А если Марья Антоновна не занята, она играет с мужем в дурачки или рассматривает вместе с ним беговые афиши.
До меня долетают слова: «фаворит», «Клеопатра», «твердая дорожка»: это значит, супруги собираются играть на бегах.
Еще есть у нас два жильца. Один – еврей-скрипач глаза у него всегда влажны и печальны, и, когда он проходит по коридору, оглядывается, как будто кто-то за ним гонится. И когда я вижу его пугливую походку, я вспоминаю погромы, и мне хочется кричать и топать ногами и упрекать скрипача за его робость, за его печаль и за все.

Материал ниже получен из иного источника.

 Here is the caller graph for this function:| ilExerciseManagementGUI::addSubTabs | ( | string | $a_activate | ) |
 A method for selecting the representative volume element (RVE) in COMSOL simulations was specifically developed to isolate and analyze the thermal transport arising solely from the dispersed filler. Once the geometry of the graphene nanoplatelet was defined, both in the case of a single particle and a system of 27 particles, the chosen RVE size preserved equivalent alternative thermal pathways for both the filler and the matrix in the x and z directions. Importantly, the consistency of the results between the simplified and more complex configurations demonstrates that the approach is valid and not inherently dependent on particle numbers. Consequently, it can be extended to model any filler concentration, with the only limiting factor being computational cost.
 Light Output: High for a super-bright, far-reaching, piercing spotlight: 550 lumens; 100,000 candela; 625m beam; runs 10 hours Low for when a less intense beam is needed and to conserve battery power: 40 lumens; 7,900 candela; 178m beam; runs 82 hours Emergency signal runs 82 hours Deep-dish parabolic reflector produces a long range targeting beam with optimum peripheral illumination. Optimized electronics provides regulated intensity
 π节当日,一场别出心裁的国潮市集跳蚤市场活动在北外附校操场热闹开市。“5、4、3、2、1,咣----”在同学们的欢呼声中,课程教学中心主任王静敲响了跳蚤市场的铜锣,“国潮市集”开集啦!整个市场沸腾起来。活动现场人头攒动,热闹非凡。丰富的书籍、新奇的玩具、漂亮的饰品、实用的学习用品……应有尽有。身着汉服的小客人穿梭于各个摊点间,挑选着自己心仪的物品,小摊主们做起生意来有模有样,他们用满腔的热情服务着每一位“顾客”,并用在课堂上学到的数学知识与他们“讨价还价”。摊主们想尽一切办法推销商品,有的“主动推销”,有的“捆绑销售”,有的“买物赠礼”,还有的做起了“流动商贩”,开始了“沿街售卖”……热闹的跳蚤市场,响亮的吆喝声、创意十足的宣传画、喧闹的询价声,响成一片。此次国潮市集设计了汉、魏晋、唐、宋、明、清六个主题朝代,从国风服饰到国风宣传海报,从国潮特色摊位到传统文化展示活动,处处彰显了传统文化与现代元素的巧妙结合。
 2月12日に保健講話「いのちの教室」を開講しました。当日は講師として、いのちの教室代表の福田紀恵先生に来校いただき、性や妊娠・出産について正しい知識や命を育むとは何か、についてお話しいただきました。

Другого жильца я вижу часто. Это студент Вася. Он заходит ко мне в комнату и говорит басом.
– Ван-Риль боролся с Веснянским. Через двадцать минут Ван-Риль взял Веснянского на передний пояс и положил на обе лопатки.
– Что за вздор, – говорю: – какое мне дело до вашего Ван-Риля и переднего пояса.
Но Вася не понимает меня. Он предлагает мне итти к Филиппову. Мы пьем кофе, и я рассказываю ему о своей любви к Борису. Он покорно слушает, и это мне нравится.
– Я влюблена, – говорю я: – он чувствует это и ходит ко мне, потому что ему приятно мое обожание и то, что я понимаю его картины, но он меня не любит. Я стою перед ним на коленях и целую его руки, но он не замечает моей страсти, и – верите-ли, Вася? – он ни разу не ласкал меня, не целовал, хотя я всегда готова отдаться ему.
– Вам нельзя целоваться, – говорит Вася: – у вас туберкулез, и вы скоро умрете, если будете целоваться.
– Это и жестоко, и скучно – то, что вы говорите. Зачем вы напоминаете мне о чахотке.